Immunostaining of CTLA4 was done using Lyophilized Mouse Monoclonal Antibody CTLA4 (IgG1) at a dilution of 1:50. Section from appendix was taken as a positive control, where distinct brown colored cytoplasmic staining was regarded as positive staining. A negative control (without addition of primary antibody) was included in every batch of immunostaining. CTLA4 stain intensity scoring was defined as +1 = Negative (Tumour cells with no staining) +2 = Positive (Tumour cells with weak staining ) +3 = Positive (Tumour cells with moderate staining ) +4 = Positive (Tumour cells with strong staining ). All scoring was done without any bias with the clinical correlation.

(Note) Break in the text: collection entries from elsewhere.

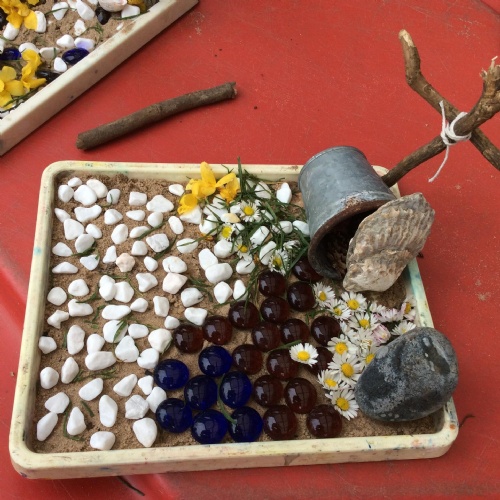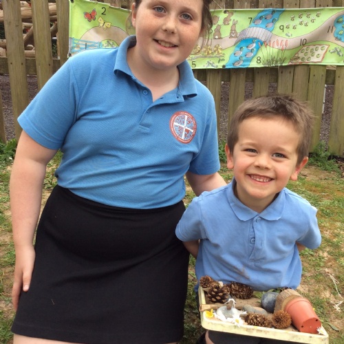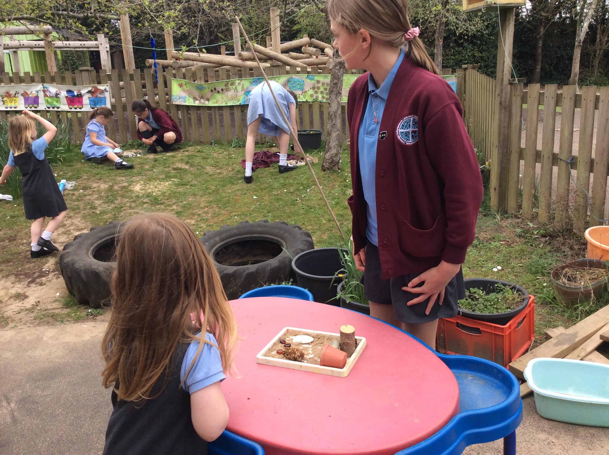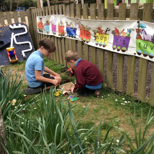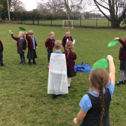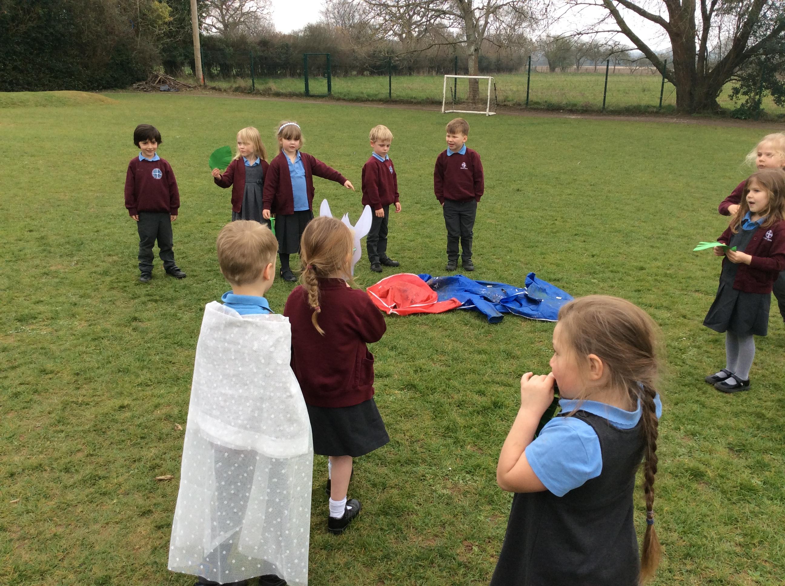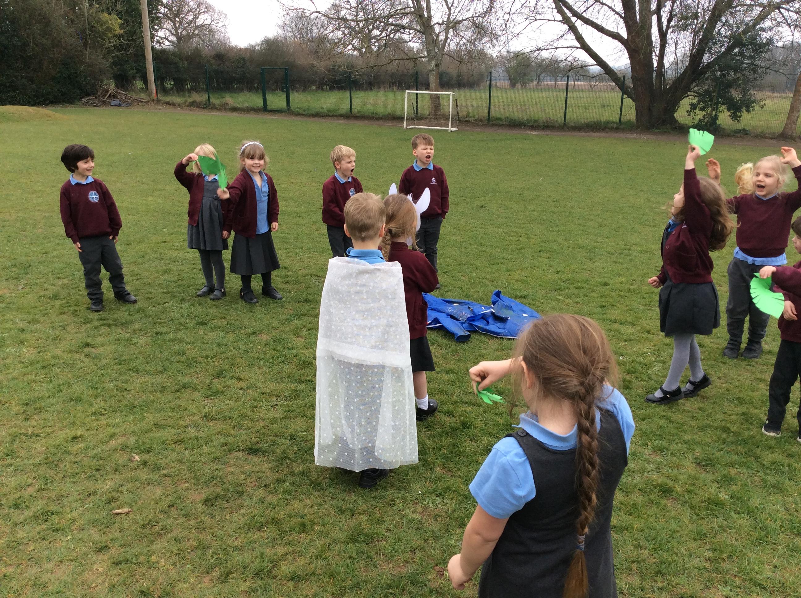 The children have been learning about the Easter story and in particular about the symbol of the cross and why a cross is included in an Easter garden.  They acted out the story of Palm Sunday.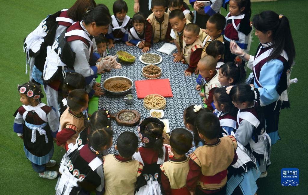 9月27日,雲南省麗江師範高等專科學校附屬新苗幼兒園的小朋友在老師的指導下製作月餅。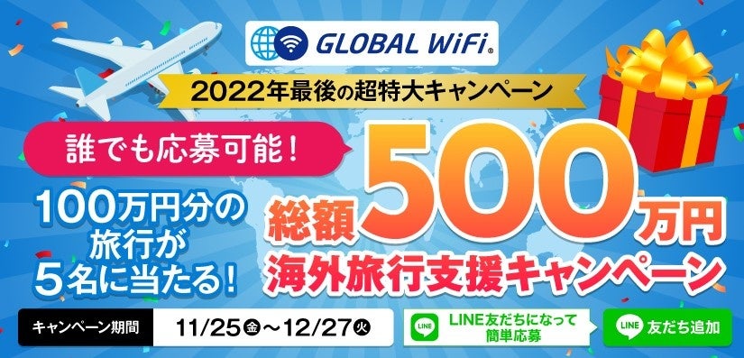 「グローバルWiFi®」100万円の旅が5名様に当たる『海外旅行支援キャンペーン』を実施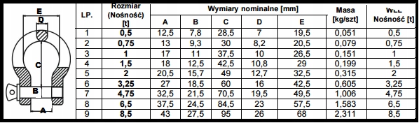 Кована, кругла сталева скоба (omega) з гвинтовим штифтом з вушком і коміром - тип W, призначена для підйому вантажів (предметів, матеріалів і вантажів), а також для строп із сталевих канатів і фіброволоконних строп.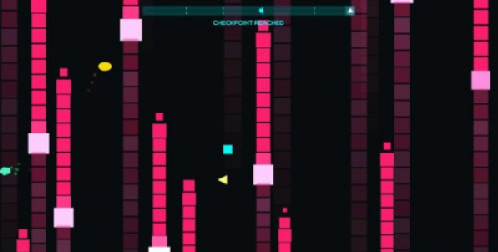 1、节奏型弹幕游戏,操纵方块躲避红色色块各式各样的疯狂攻击。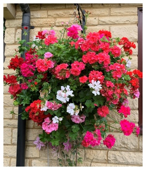 One of the geranium baskets that we supply to traders and residents in Tetbury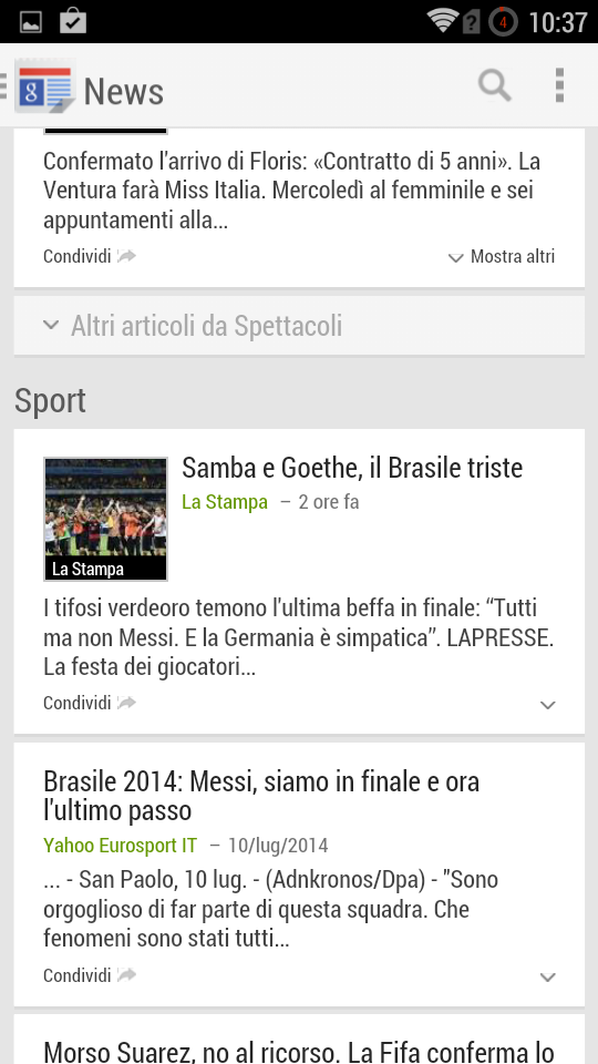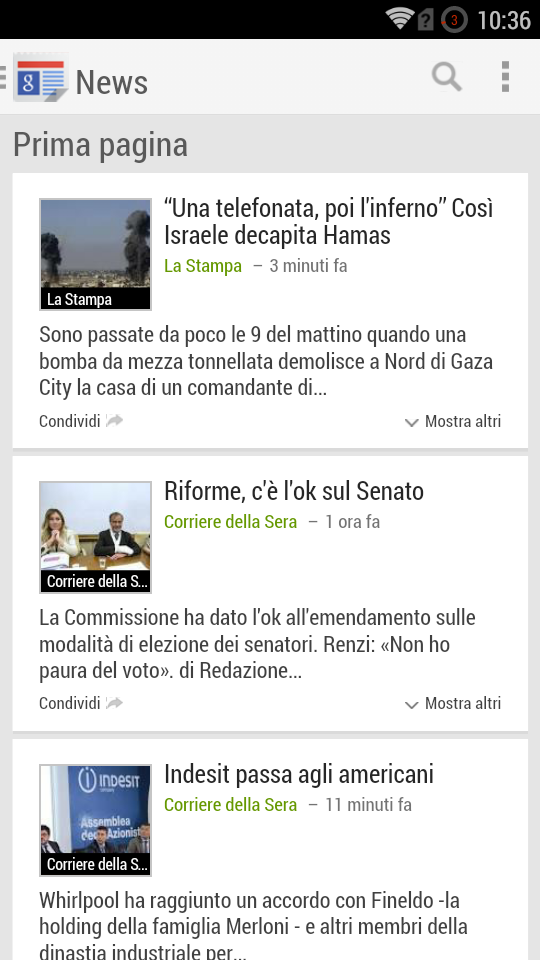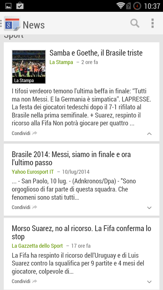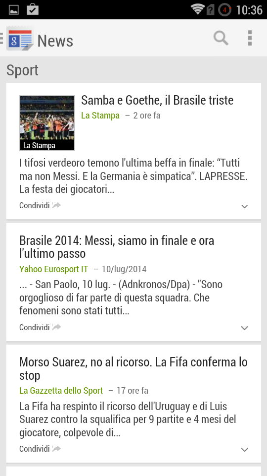 L’interfaccia è adesso del tutto diversa ed è praticamente ispirata a quella di Google Now, per cui troviamo delle schede bianche leggermente in rilievo che possono essere espanse. Non manca, ovviamente, il tanto apprezzato NavigationDrawer, che ci permette di navigare fra le varie categorie di notizie con un tocco.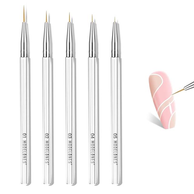 トランスペアレント Modelones ネイルブラシセット ネイル筆セット ジェルネイル用筆セット ふでセット ビルダーグルーブラシ ネイルアートラインブラシ ネイルドットペンなどのネイルアートデザインペンペイントツール フレンチ ライン ジェルネイル用 キャップ付き 5本セッ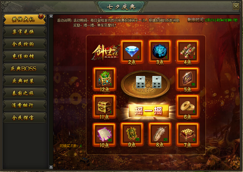 活动说明:活动期间,每日登录游戏,可免费摇筛子1次,根据点数有机会获得稀有材料、元宝匣、钻石等稀有奖励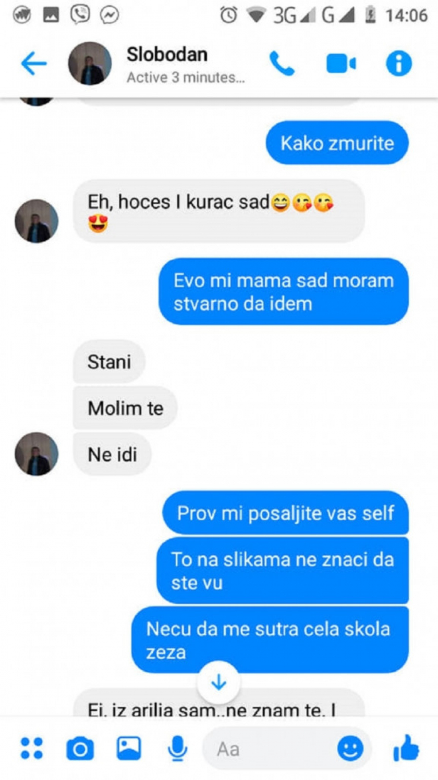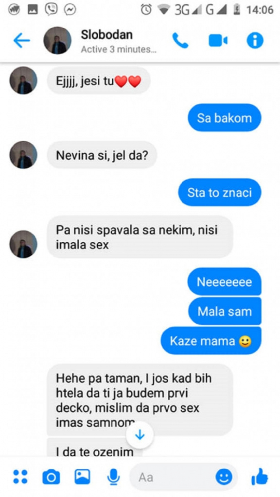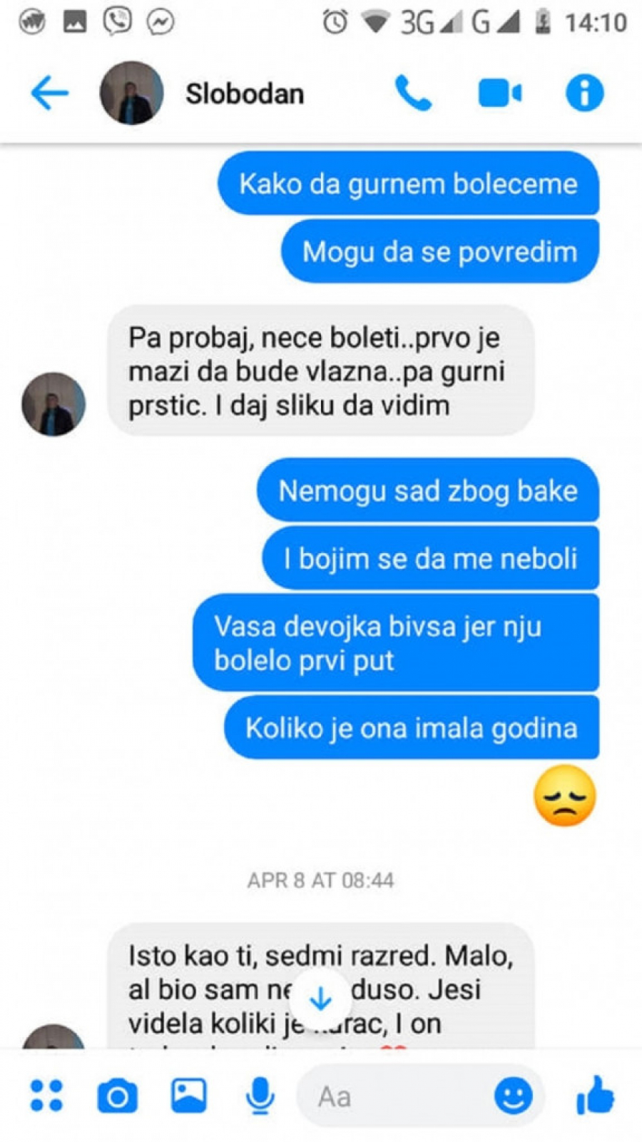 Devojčica ga je pitala da li je "njegovu bivšu devojku bolelo prvi put, i koliko je imala godina", da bi on napisao "isto kao ti, sedmi razred. malo je bolelo, bio sam nežan. Jesi li videla koliki je ku*ac?" - pisao joj je.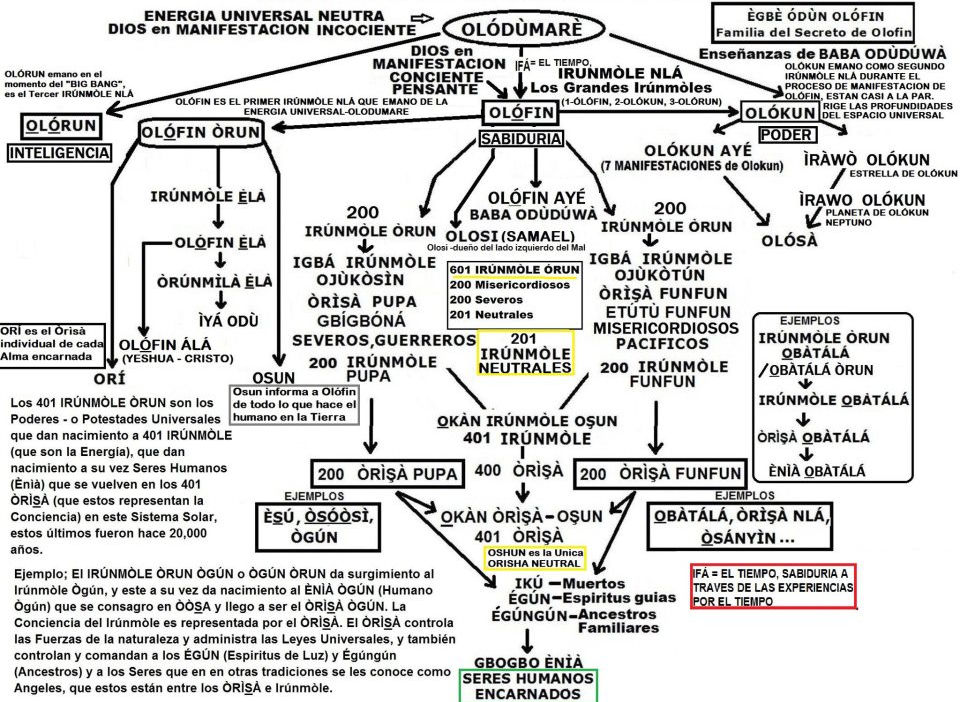 Aqui les comparto algo que prepare de lo que hemos recibido directamente de Baba Oduduwa y de su Emisario espiritual, Egun -Tata G:. y lo que he comprendido, sobre el diagrama del Genesis Yoruba. He notado que han salido preguntas sobre el diagrama, y tratare de explicar hasta donde conosco, lo demas vendra luego, tambien pongo un diagrama mejorado con mayor explicacion y otros detalles de la Creacion.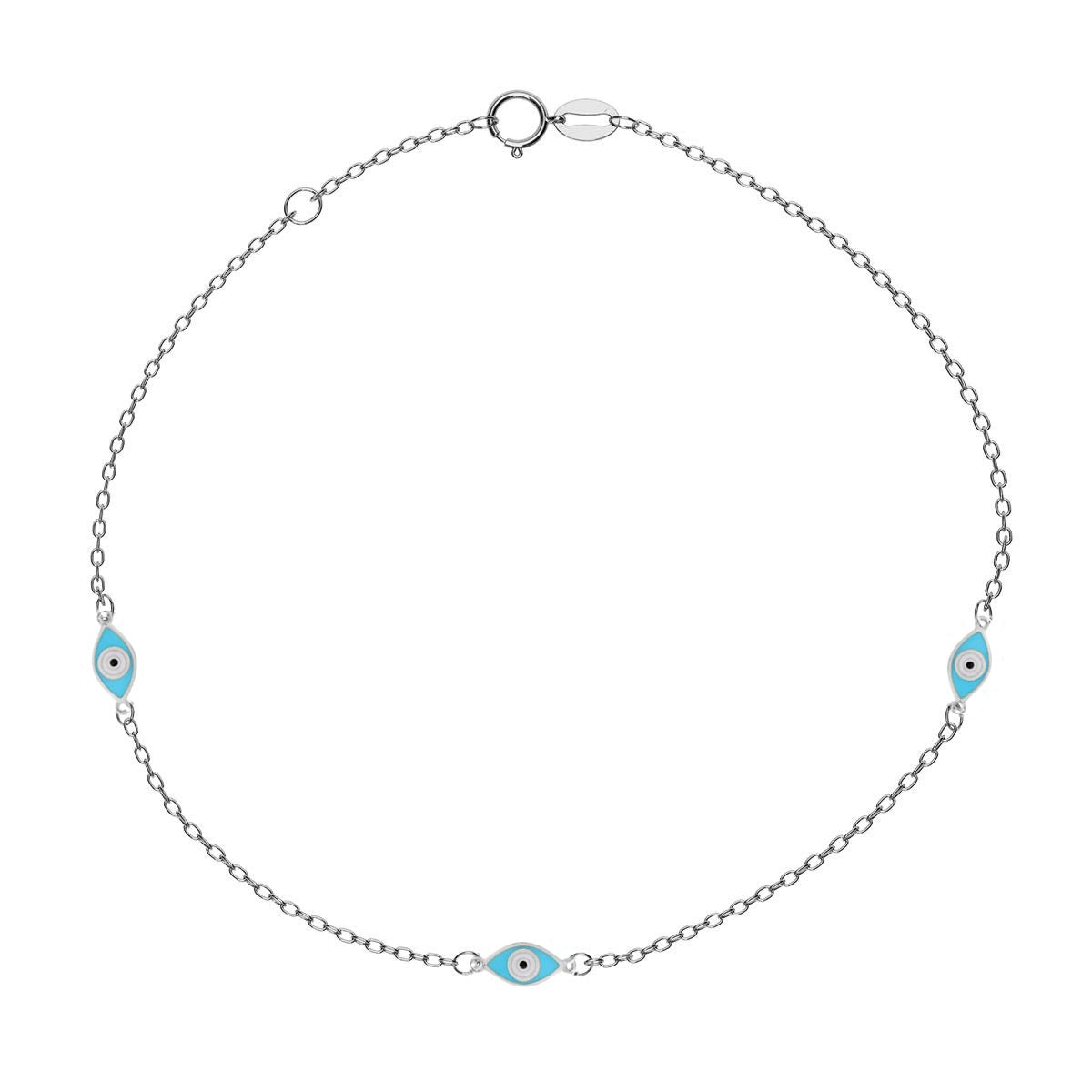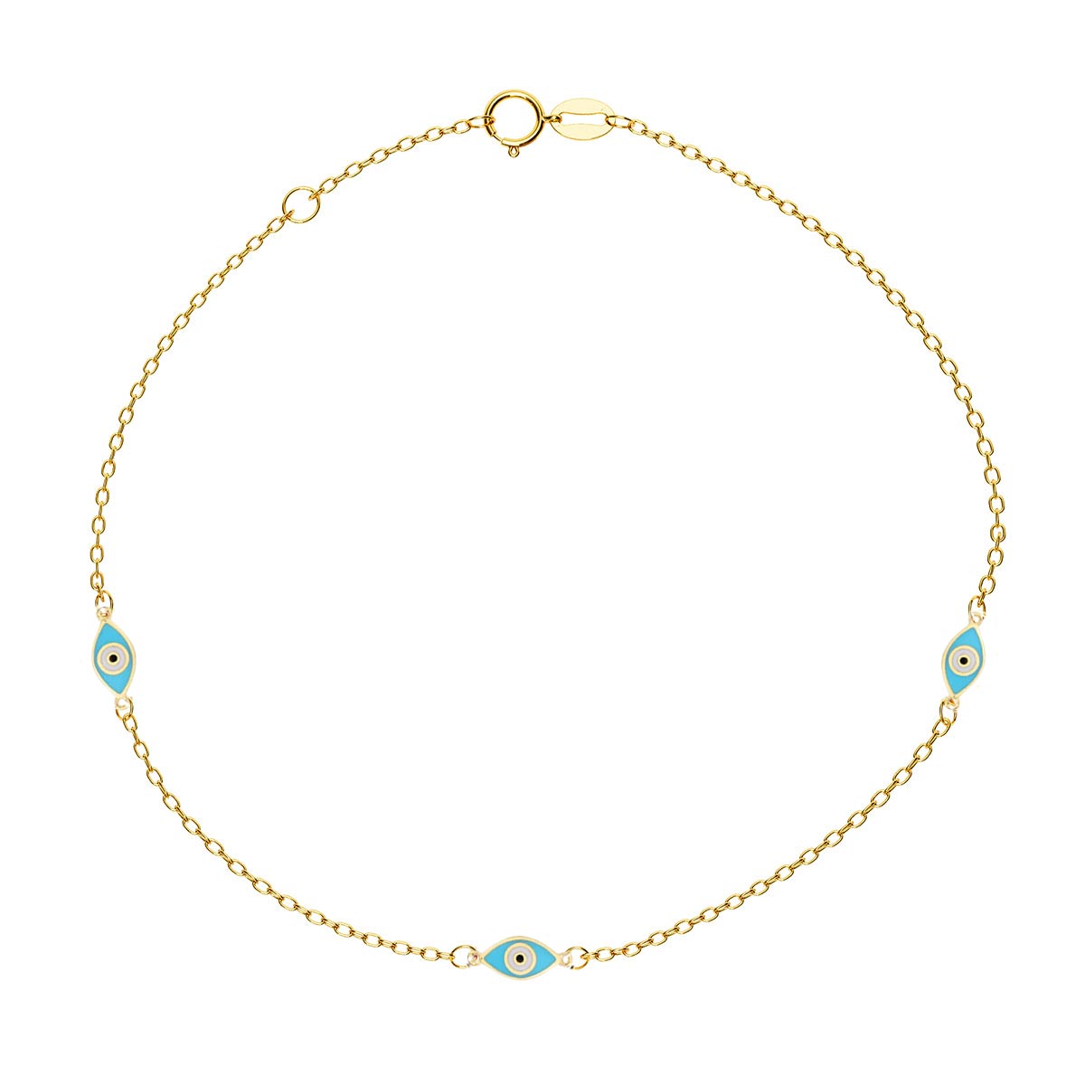 Ward off negative energy and bring some glamour to your look with our multiple round evil eye charm bracelet. This stunning piece features several round enamel evil eye charms, all expertly crafted from high-quality materials. The adjustable chain ensures a perfect fit for any wrist size, making this bracelet a versatile accessory that can be worn alone or layered with other jewelry.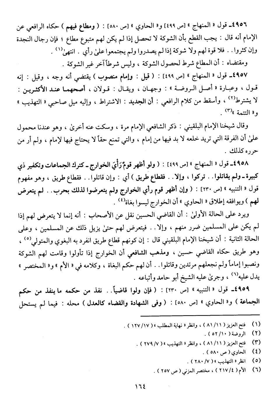 4956 - قول "المنهاج" [ص 499] و"الحاوي" [ص 580]: (ومطاع فيهم) حكاه الرافعي عن الإمام أنه قال: يجب القطع بأن الشوكة لا تحصل إذا لم يكن لهم متبوع مطاع؛ فإن رجال النجدة وإن كثروا .. فلا قوة لهم ولا شوكة إذا لم يصدروا ولم يجتمعوا على رأي. انتهى (¬1).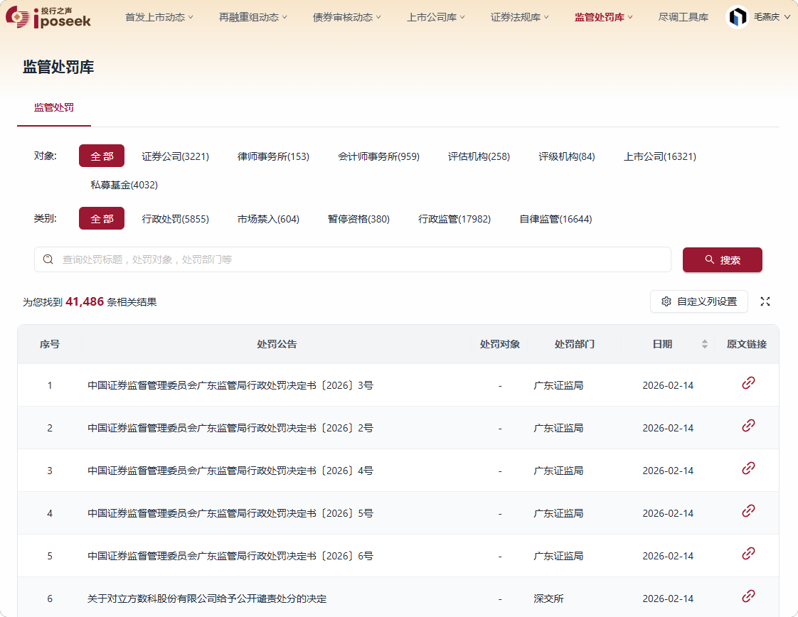 - 监管处罚库:汇总证监会、交易所行政处罚案例,支持按照处罚对象、处罚类型分类检索。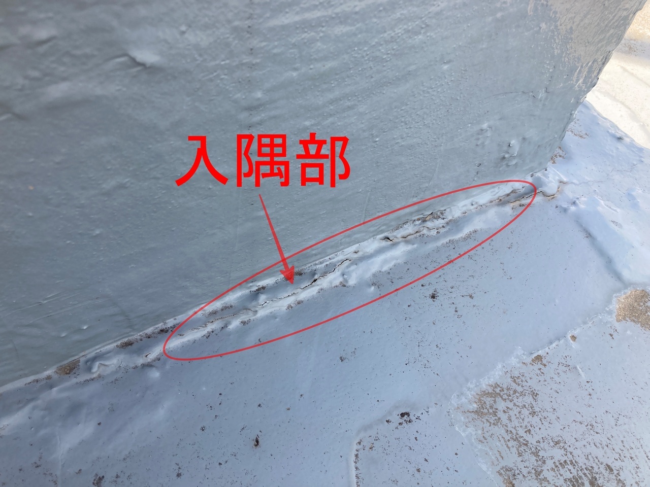 「入隅部(いりすみぶ)にシール処理がされていない」というのは、ウレタン防水の不具合としてよくある施工不良です。

Majority of the tumors showed an intensity of 3+ uptake of CTLA-4 whereas 36.7% of the tumors showed an intensity of 1+. There was a significantly high tumor infiltration among those with an uptake of 3+, with a mean difference of 19.9. The observed difference was statistically significant (P < 0.05). Similarly, there was a significant increase in the tumor quantity among those with uptake of 3+ with a mean difference of 19.75. The observed difference was statistically significant (P < 0.05) [Table 3].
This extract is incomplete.